There’s one group of muscles you may feel as if isn’t worked enough and this is your abs. It may feel as if especially your lower abs are unaffected by exercise no matter how much of it is done. There is a good reason why this is the case.
According to certified, New York-based trainers, losing weight and acquiring muscular definition requires rigorous training of the entire body. Furthermore, a balanced diet needs to be practiced as well.
You may have heard the popular saying that “abs are made in the kitchen”. While this is true, that does not mean ab exercises are unrequired. In fact, the core is the center of balance for your body and, therefore, requires training. Furthermore, a strong core reduces the amount of strain put on your back and, therefore, contributes to a reduction in back pain.
Even with all this information, you may be unsure exactly how to target your lower back. The truth is you are not the first to struggle with this issue.
Most Personal Trainers state that the reason lower abs are so hard to work on is that it is the site at which the body stores excess fat in the highest quantities. Furthermore, women have it even more difficult as estrogen, their main hormone, promotes said fat storage in the area.
While this all sounds scary, there is no need to worry, however, there are numerous exercises that are very effective at ridding you of the lower ab body fat problem. Luckily, you don’t need to do any research to find these on your own as Amanda has shared the best ones. Note that to avoid sweat build-up causing uncontrollable sliding during your workout, it is recommended to use either sliders or a towel for three of the exercises. This one isn’t for the faint of heart so prepare to be unable to do basic things such as laughing when it’s over.
For each of the exercises below, perform them for 30 seconds. You are then allowed only 10 seconds of rest after each. The entire circuit must be done a total of at least one, but no more than three times.
1. Heel Tap
Lay on your back with your hands under your glutes for stabilizing. Start with your calves in a parallel position to the floor. With your feet flexed, lower them until your heels are only lightly contacting the ground. Return to the starting position by squeezing your core to allow your feet to go back to the starting position.
2. Mountain Climbers
Start in a plank position with your arms fully extended as if you are about to do some push-ups. With as little hip movement as possible, move your left knee to your chest. Try to get as close to between your hands as possible. Return to the starting position and do the same on the right. Repeat this as quickly as possible while alternating on each side.
3. The Scissor
Lay on your back with your hands behind your head. Lift your shoulders of the ground and keep your core tight. Using the strength of your abs, lift your legs off the ground only slightly. From there, raise one leg using your core while the other remains slightly above the ground. Switch the position of your legs. Repeat this while ensuring that your neck is not being strained.
4. Slider Pike
Ensure you have a towel or sliders before beginning this exercise.

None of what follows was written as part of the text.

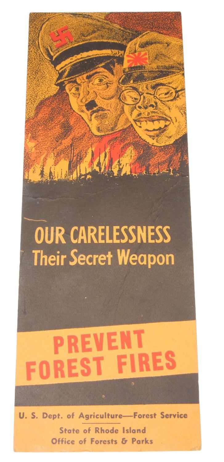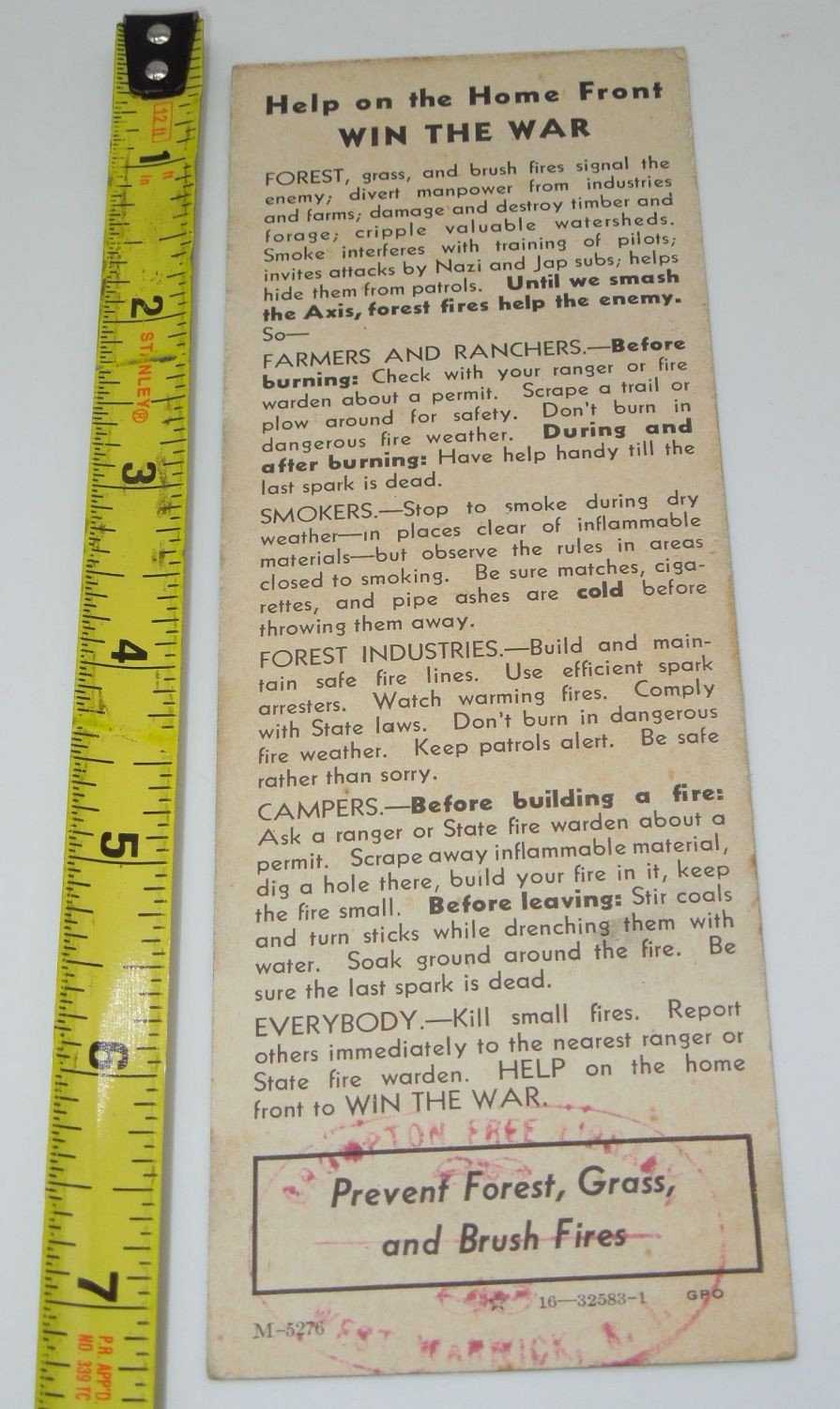 Original card issued during WWII by the Department of Agriculture urging people to prevent forest fires as the Axis leaders would exploit such disasters. Good condition.

Start by getting in a plank position with your arms fully extended. If using sliders, put both feet on them. Using your core, slide both your feet towards your hands without bending the knees. This places you in a pike position with your hips pointing towards the ceiling. Return them to the starting position. You may reduce the difficulty of this move by moving one leg at a time instead of both.
5. Straight Leg Raise
Lay on your back and support yourself by placing your hands under your lower back. Slowly lift your legs of the ground together with no bend at the knees until your body forms a 90-degree angle. You must use your core to support this movement. Slowly return your legs to a position slightly above the ground and repeat. Avoid this one if you experience back pain.
Should you have a history of back pain or have a pullup bar, you may do an alternate variation. Hold on to a pullup bar. Tighten your core and begin to lift your legs off the ground with no bend at the knees (you may bend them as a beginner). Return your legs to the starting position and repeat.
6. Cross Body Climber
Begin by getting in a plank position with your arms fully outstretched. Ensure your core is tight and your hips are level. Move your left knee towards your right elbow. While return the knee to the starting position, move the right knee towards the left elbow. Repeat this movement.
7. Slider Knee Tuck
Get your towel or sliders ready for this one.
Begin in a plank position with your arms fully extended. Place your feet on your sliders. Tighten your core and bring both feet towards your chest with a bend in the knees. Do not lean forward too much or allow your shoulders to hunch. Return to the starting position and repeat.
If you have an exercise ball, try doing this with your feet on the ball instead.
8. Rolling Plank
Start in a traditional forearm plank position. Shift onto your left elbow with your feet stacked and hold this side plank for 10 seconds. Return to the starting position then do the other side and continue to alternate.
9. Roll Up
Lay on your back with your legs extended and your arms overhead. Take a deep breath. As you exhale, use your core to move into a sitting position with while lifting your arms. Return to the starting position and repeat.
Lay on your back with your feet together and legs extended. Extend your arms overhead. Take a deep breath. Squeeze your core as you exhale and raise your left arm and right leg, allowing them to touch. Inhale and return to the starting position. Repeat this for 15 seconds. Do the same with your right arm and left leg.